源自LNCaP谱系的人前列腺癌细胞系C4-2和C4-2B4在体内获得了雄激素非依赖性和骨转移潜能。利用C4-2和C4-2B4,本研究的目标是:1)通过肿瘤细胞骨内给药途径,在完整的无胸腺或SCID/bg小鼠中建立一种理想的前列腺癌细胞骨异种移植模型;2)在无胸腺或SCID/bg小鼠中,通过静脉内(i.v.)或心内给药来比较前列腺癌转移情况。在肿瘤细胞给药后,通过放射学骨密度、血清前列腺特异性抗原(PSA)水平、血行性前列腺癌细胞的存在以及肿瘤标本在淋巴结和骨骼中的组织病理学评估来评估前列腺癌在骨骼中的生长情况。

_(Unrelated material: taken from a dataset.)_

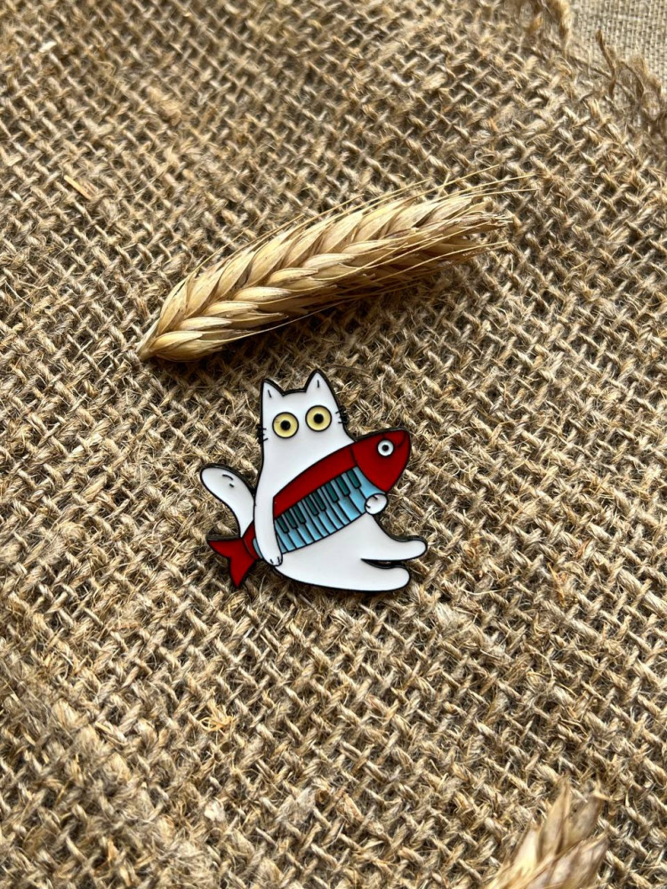 Металічны пін "Кот-клавішнік" - гэта выдатны сувенір для аматараў фартэпіяна. Мілы кот з велічэзнымі вачыма, што іграе на рыба-сінтэзатары ідэальна размесціцца на вопратцы ці любой торбачцы і будзе радаваць уладальніка ці ўладальніцу сваім выглядам. Памер значка - 3х2 см.

我们的结果显示,心内注射LNCaP细胞未能发生转移,而同样进行心内注射的C4-2细胞在SCID/bg小鼠中具有最高的转移能力。在3/7的动物中发现了腹膜后和纵隔淋巴结转移,而2/7的动物出现了成骨性脊柱转移。在无胸腺宿主中的心内注射C4-2,在注射后8 - 12周时,1/5的动物发生了脊柱转移;心内注射PC-3也转移到了骨骼,但产生的是溶骨性反应。静脉注射LNCaP或C4-2均未能形成肿瘤集落。在无胸腺小鼠中,髂内注射C4-2而非LNCaP或C4-2B4细胞,在接种后2 - 7周时,4/8的动物中形成了快速生长的肿瘤。股内注射C4-2(9/16)和C4-2B4(5/18)而非LNCaP(0/13)细胞,导致无胸腺小鼠出现成骨性骨病变(平均:6周,范围:3 - 12周)。在SCID/bg小鼠中,股内注射LNCaP(6/8)、C4-2(8/8)和C4-2B4(8/8)细胞,在肿瘤细胞接种后3 - 5周内,在骨髓腔内形成了产生PSA的成骨性肿瘤。在所有动物中均检测到血清PSA的逐步升高。用于检测血行播散前列腺癌细胞的逆转录-聚合酶链反应(RT-PCR)结果与血清PSA水平或骨髓腔内肿瘤细胞的组织学证据均无相关性。因此,我们在小鼠中建立了一种产生PSA的成骨性人前列腺癌异种移植模型。